Freedom of religion or belief is a fundamental human right, extending to everyone, everywhere, without distinction of any kind, be it race, ethnicity, gender, political or other opinion, or economic or social status. The three main components of FORB are the right to have a religion or belief; the right to change it; and the right to practice it. Unfortunately, millions of people around the world are not able to do those things freely.
While religious persecution against men tends to be focused and often public, such as killings during conflict, religious persecution against women is more likely to be complex and hidden. However, it too can be very violent. Global FORB violations against women, as women, can be characterised in three words: complex, violent and hidden.
Despite the often distinctive nature of FORB abuses of women, which are often sexual, until recently much of the research and data on FORB has been gender blind, possibly because the majority of official representatives of religion and belief communities across the world are men, and because their experiences have been used as a default reference. Yet, in many societies, men and women live very different lives. Women all too often do not have the same access to resources. They are assigned different roles.
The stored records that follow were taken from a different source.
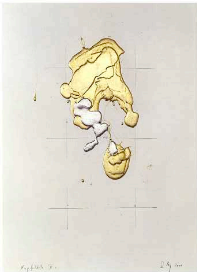
NAPFOLYOK II., 2000. 80x60 cm papír, műanyag és fémbevonat (magántulajdon)

Az Univerzum lényege az átváltozás. Ha az Univerzum egy-egy magányos szigetén megjelenik az ember, vele új lényeg lép a színre: az átváltoztatás.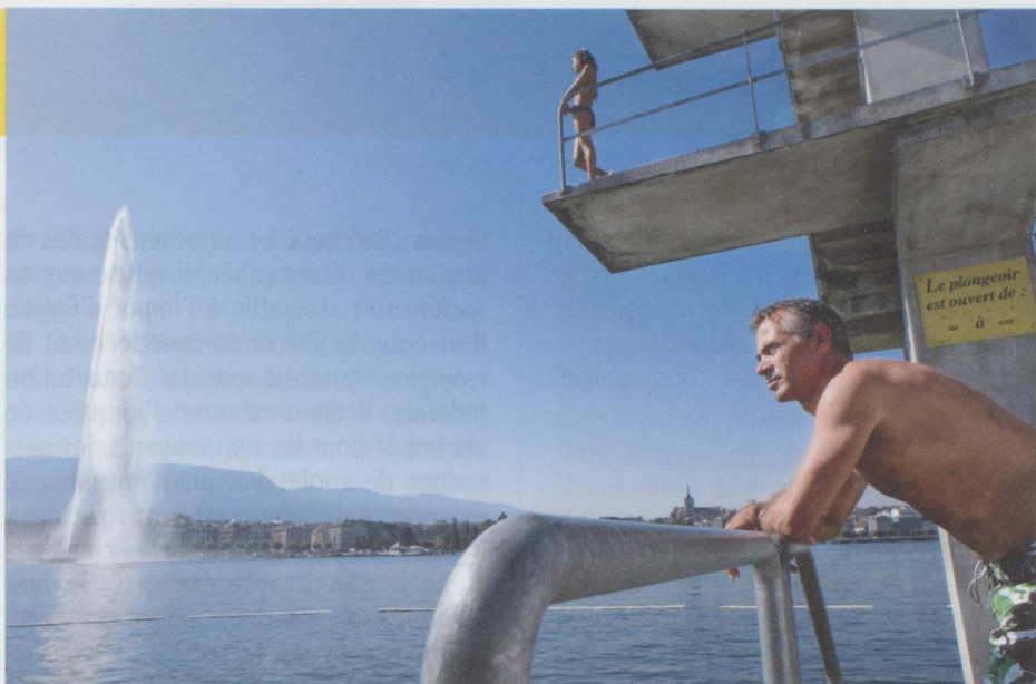
La rade et le jet d'eau de Genève vus des Bains des Paquis.

■ Le Jura veut se doter d'une stratégie énergétique portant sur un horizon de 25 ans qui repose sur la sortie du nucléaire.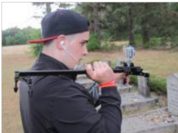
Gravant a Bergen-Belsen.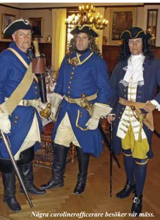
Några carolinerofficerare besöker vår mäss.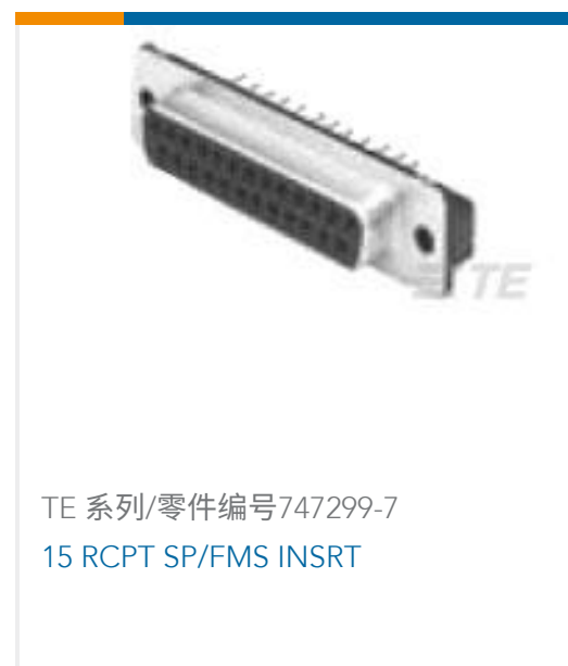
TE 系列/零件编号747299-7 15 RCPT SP/FMS INSRT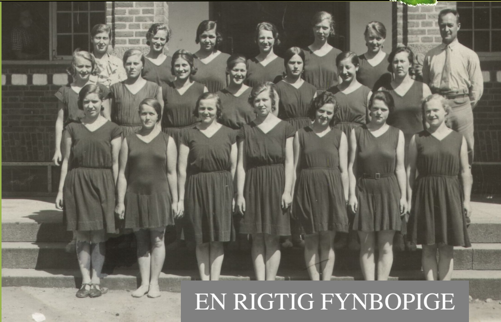
EN RIGTIG FYNBOPIGE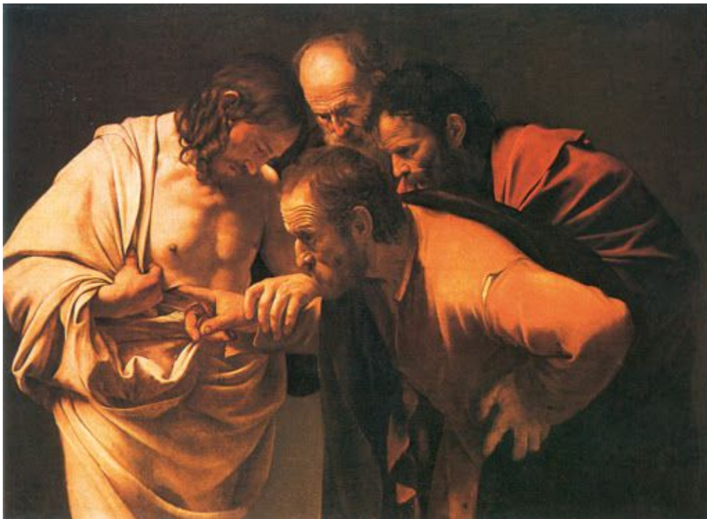
2. ábra Caravaggio: A hitetlen Tamás, 1601–1602, Sanssouci palota, Potsdam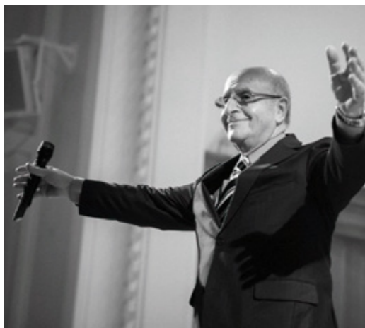
Народный артист России Яков Дубравин

В эфире проект «Ленинград и Победа». День Победы был бы невозможен без героизма ленинградцев, отстоявших свой город в блокадной осаде. Несломленная воля и беззаветное мужество ленинградцев вдохновили миллионы людей на самоотверженную борьбу. Город выстоял — и вся страна поверила в близость Победы. Состоявшийся в 2015 году в Большом зале консерватории проект «Ленинград и Победа» Народного артиста России Якова Дубравина, чьи песни о городе на Неве обрели всероссийскую популярность, был удостоен Премии Правительства Санкт-Петербурга. Вместе с ним в этот вечер на сцене Женский хор Музыкального училища имени Римского-Корсакова под управлением Сергея Екимова, за роялем — автор, Яков Дубравин, с которыми совместно музицирует эстрадная певица зашкаливающего темперамента и потрясающего лирического дарования, участница проекта «Голос» Этери Бериашвили.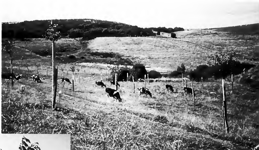
Photo 3 Vue d'ensemble d'un verger à bois pâturé de 3 ans. Orcival (Puy-de-Dôme).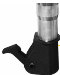
PIQUEUR À LOQUET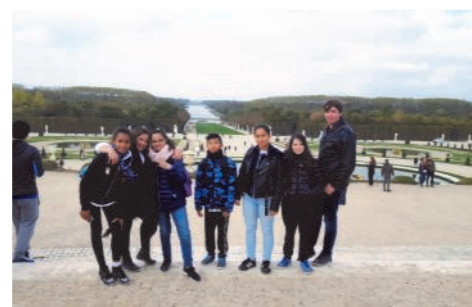
Visite du Château de Versailles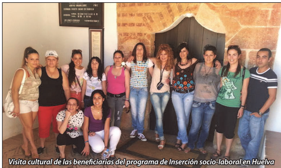
Visita cultural de las beneficiarias del programa de Inserción socio-laboral en Huelva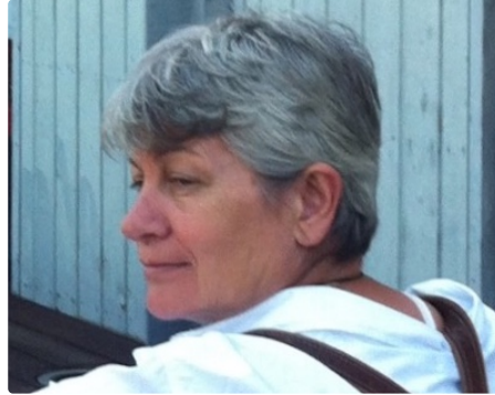
De surprenantes créatures aquatiques ...

Nouvelle exposition à l'Office de Tourisme de la Gascogne Toulousaine de l'Isle-Jourdain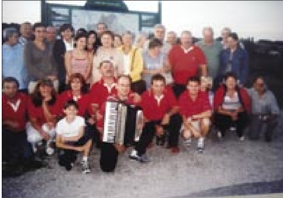
Budimpeštanski Slovinci pa folkloristi z vesi Korena

Po obedi smo se poslovili z dijaškega doma v Radencih, gde smo dve noči spali pa meli djesti. Voditeli so vsi bili vljudni, küjarce so pa sploj dobro küjale. Zadvečerkoma smo v Lendavi poglednili kulturni dom, steroga je načrtovau znani vogrski ar-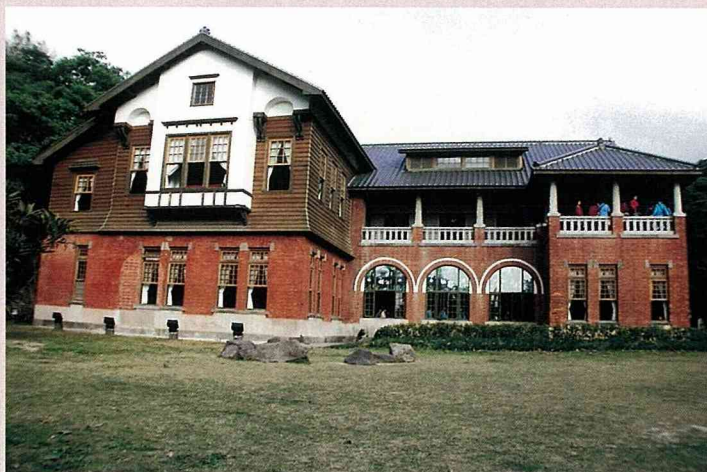
北投溫泉博物館的外觀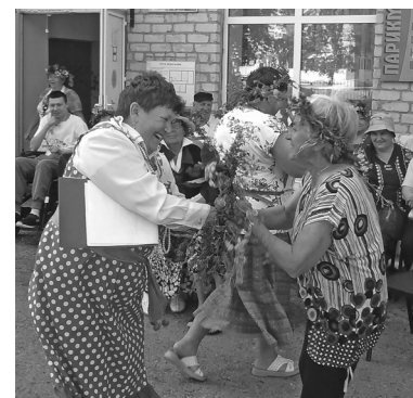
С венками провели весёлый обряд кумления. Это своеобразная клятва в дружбе и поддержке друг друга: троекратное целование через венок

«Петровские потехи» – не первое мероприятие проекта «Традиции – живая нить». В мае прошла встреча – «Печь – царица дома». Тогда организаторы украсили пространство общества в виде русской избы с печью, домоткаными дорожками, gobеленовыми коврами. И в этой, почти домашней, тёплой атмосфере вспоминали своё детство с времяпровождением на печи да на полатях. К сожалению, сейчас русские печи – редкость даже в деревнях.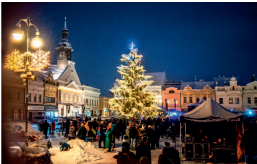
Rozsvícení vánočního stromu na náměstí.

Přijďte nasát tajemnou atmosféru adventu a blížících se Vánoc na vysokomýtské náměstí, kde se uskuteční tradiční kujebácké jarmarky.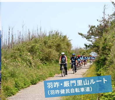
羽咋・巖門里山ルート(羽咋健民自転車道)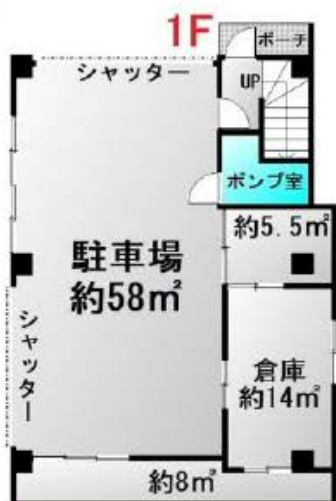
1Fのシャッターは残置物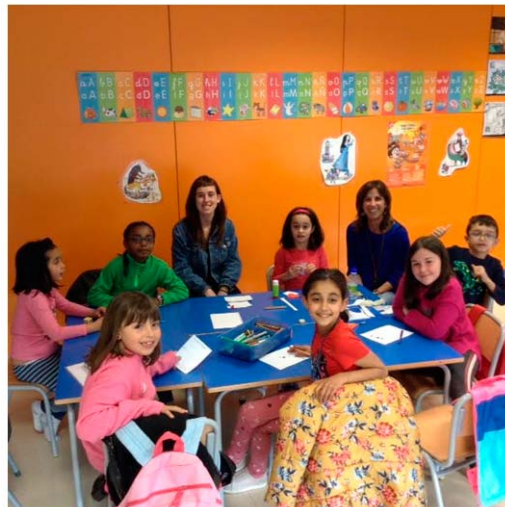
Figura 6. El grupo de niños y niñas junto a la Profesora A y la investigadora de la universidad.

Sin embargo, en el grupo de niños y niñas su implicación ha sido mayor llegando a realizar un vídeo por parte de los profesionales de Candela Radio en una sesión de este grupo entrevistando a sus protagonistas tanto al alumnado como a la profesora A, del cual se edita un vídeo corto de 6:47 minutos que se decide presentar en el programa en directo. A su vez, se va decidiendo quiénes van a ser las personas representantes para ser entrevistadas, el título del bloque (“Cambia el chip y habla en euskara”) y la música (La canción de “Korrika 2019”) que se va a utilizar para dar paso a otro bloque y se aprovechan las salidas de las sesiones en las que están familiares para comentar diversas cuestiones. Por ejemplo, se consigue la confirmación de una madre de Barcelona que está estudiando euskara para ser entrevistada en el programa en directo.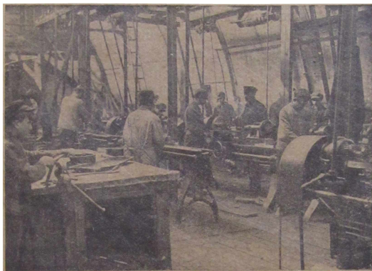
Punaisen Putilovin tehdaskoulu. (Sorvausosasto)

työväen joukon lisäksi 80-miljoonaa talonpoikaakin. Näin on punnittava nykyiset proletaariset vallankumoukselliset, ne, jotka tahtovat olla johtajina vallankumouksen perusvoimana. Jos puolueemme huolehtisi vain proletariaatista tehtaissa ja työlaitoksissa, olisi se ammattijärjestö, eikä luokkajär-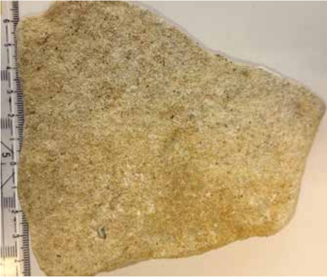
Şekil 9: Kleopatra Plajı oolitlerinin yakından görünümü.

nisküs şeklindeki kalsit çimento ile bağlandığını belirtmiştir. Yapılan detaylı elektron mikroskobu çalışmaları sonrası ortamdaki alg ve bakteri aktivitesinin ooid çökelimine izin veren karbonatın ana kaynağı olduğunu belirtmişlerdir (10).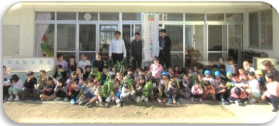
JA 勝連さんから野菜をいただきました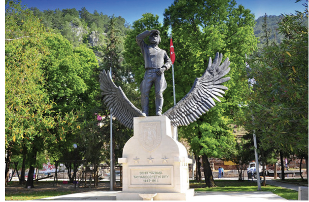
Kastamonu Hükümet Konağı.

Girişi öne çıkarılarak vurgulanan yapı, her iki köşesi öne doğru çıkıntılıdır. Yapı, 80 cm.lik taş duvarlardan, iç bölme duvarlar ise tuğladan yapılmıştır (Onur 1988). Yapının bodrum katı, depo ve arşiv olarak, 1. Katı ise valilik katı olarak tasarlanmıştır. Girişin üstü, valinin odası olarak gösterilmektedir. Pencerelemin üstünde çini işçiliği göze çarpmaktadır. Yapının cephesinde, basık kemerli, sivri kemerli ve dikdörtgen pencereler bir arada kullanılmıştır.

Many women do not exercise the same autonomy as men, even in relation to religion or belief practices in their local communities, let alone in other ways.
It is becoming increasingly clear that the factors that result in religious persecution against women are many and complex, and we all, including those of us who work on FORB much of the time, need to better understand those factors. Some work has been done by the FCDO in response to recommendation 5 of the Truro review, but not enough. I put that on the record, as the three-year deadline for reviewing the independent Truro review will be upon us at the beginning of July. But not enough work has been done.
That is why I am grateful to Aid to the Church in Need and Open Doors for their recent reports, “Hear Her Cries” and “The Persecution of Christian Women and Girls”. They are moving and critical. When I read “Hear Her Cries”, as a woman, I cried. I brought a copy for the Minister and I implore him to read it. It is heartrending.
Recommendation 5 of the review, which was accepted by the FCDO, states—I read it into the record, as we, fortunately, have the liberty of time in this debate:
“Bolster research into the critical intersection of FoRB and minority rights with both broader human rights issues (such as people trafficking, gender equality, gender based violence especially kidnapping, forced conversion and forced marriage) and other critical concerns for FCO such as security, economic activity, etc. recognising the potential for religious identity to be a key marker of vulnerability.”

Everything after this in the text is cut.